Мальчик совсем повеселел и заснул, а белка так спокойно, как только может быть в природе, где нет человека, исчезла по веткам наверх. Трава, деревья, животные и птицы — все жили своей чистой и спокойной жизнью. А мы? Мы могли быть в каждую минуту пойманы такими же человеческими созданиями, как мы, но с зелеными нашивками на плечах с четырьмя буквами — ОГПУ! Двадцатое столетие, социализм — и столько ненависти! В конце концов, в чем мы виноваты? В том, что убежали с каторги, к которой мой невинный муж был приговорен.

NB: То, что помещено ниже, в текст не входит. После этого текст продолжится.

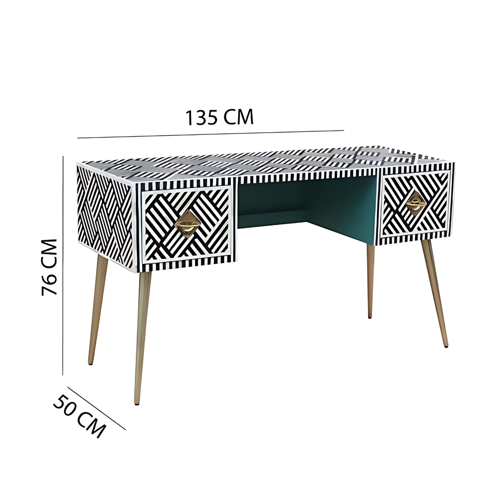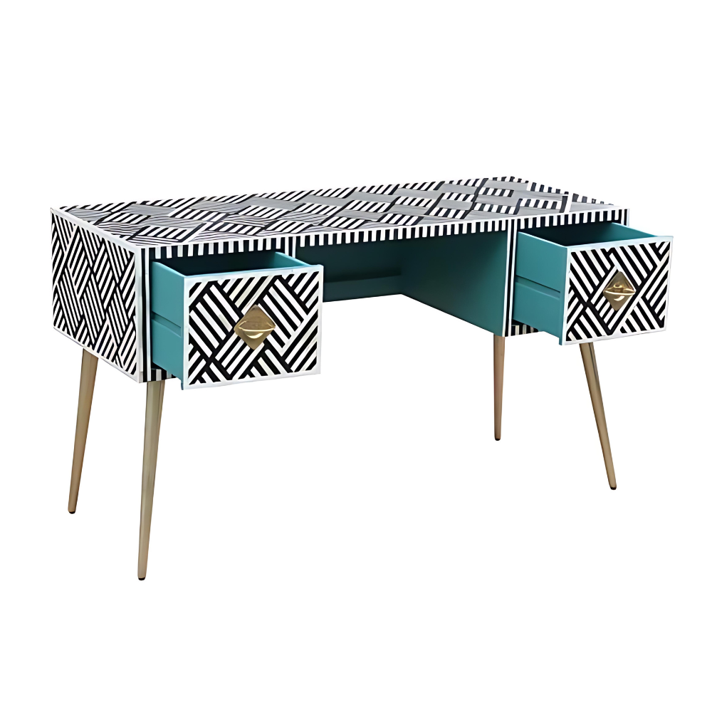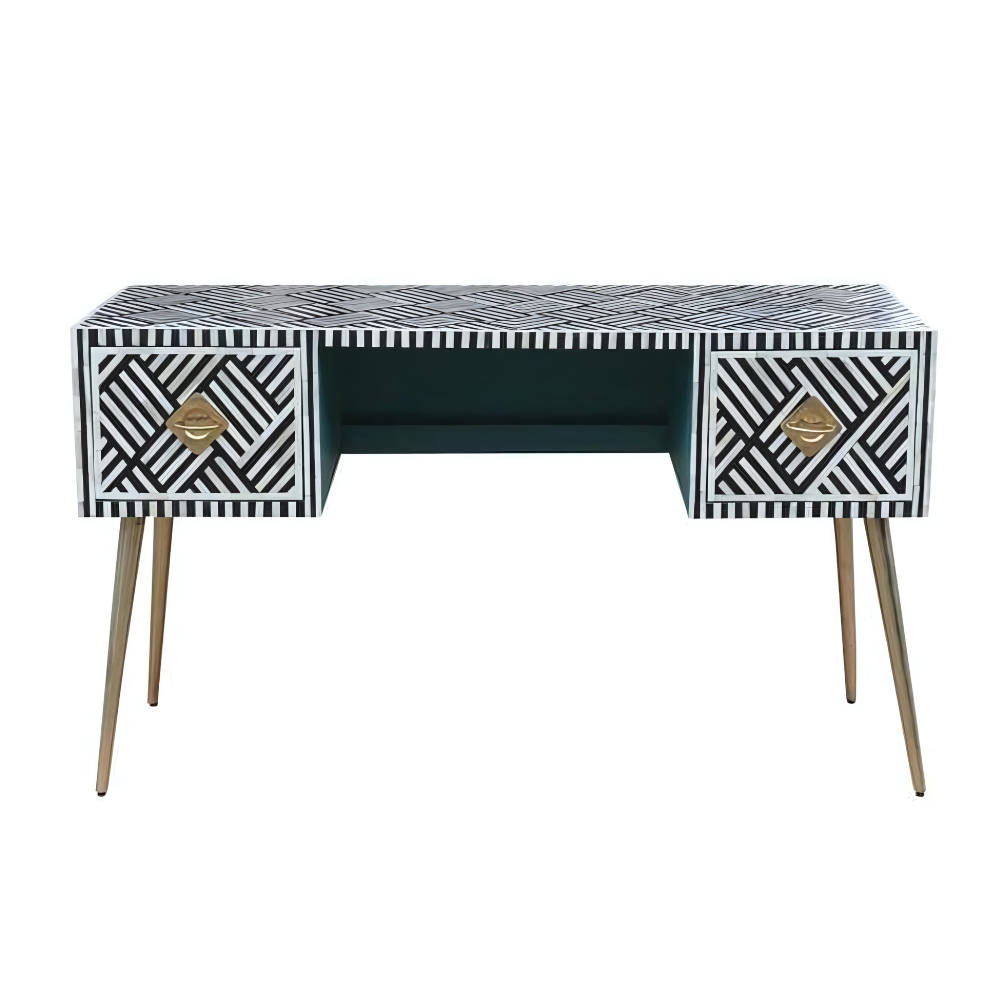 Defined by lines and handcrafted optical patterns, this statement piece makes a sculptural focal point in any room, with form and function equally playing a role. The graphic style and gentle brass footed feature are hallmarks of our signature style to mix up materials. Featuring two spacious drawers to store stationery or makeup. With a study desk or dresser this pretty, we’re sure it’ll be difficult to concentrate on the actual task!

Во времена царизма каторжников не расстреливали за попытку побега — и сколько их бежало! А теперь, когда каторга в сто раз хуже, чем раньше, нас должны были убить! И сначала нас будут мучить для своего наслаждения — и, может быть, заставят мальчика присутствовать! Нет, если нас поймают, я буду сопротивляться до последнего и буду убита сразу.
IX. В неизвестное
Часа через два мальчик проснулся. Ранка была в хорошем состоянии, но, конечно, ни один доктор не разрешил бы ему вставать с постели, а мы должны были заставить его идти по камням и болотам, пока он был в силах передвигаться. Перед нами был новый перевал, склон вскоре стал безлесным. С любой точки гребня хребта, направленного с севера на юг и очень похожего на пограничный, нас легко было взять на прицел. Будь моя воля, я, кажется, пошла бы без всяких предосторожностей, таким отчаянным казалось мне наше положение, но муж строго следил за тем, чтобы мы возможно быстрее делали перебежки, отлеживались за глыбами гранита и опять бежали до следующего прикрытия.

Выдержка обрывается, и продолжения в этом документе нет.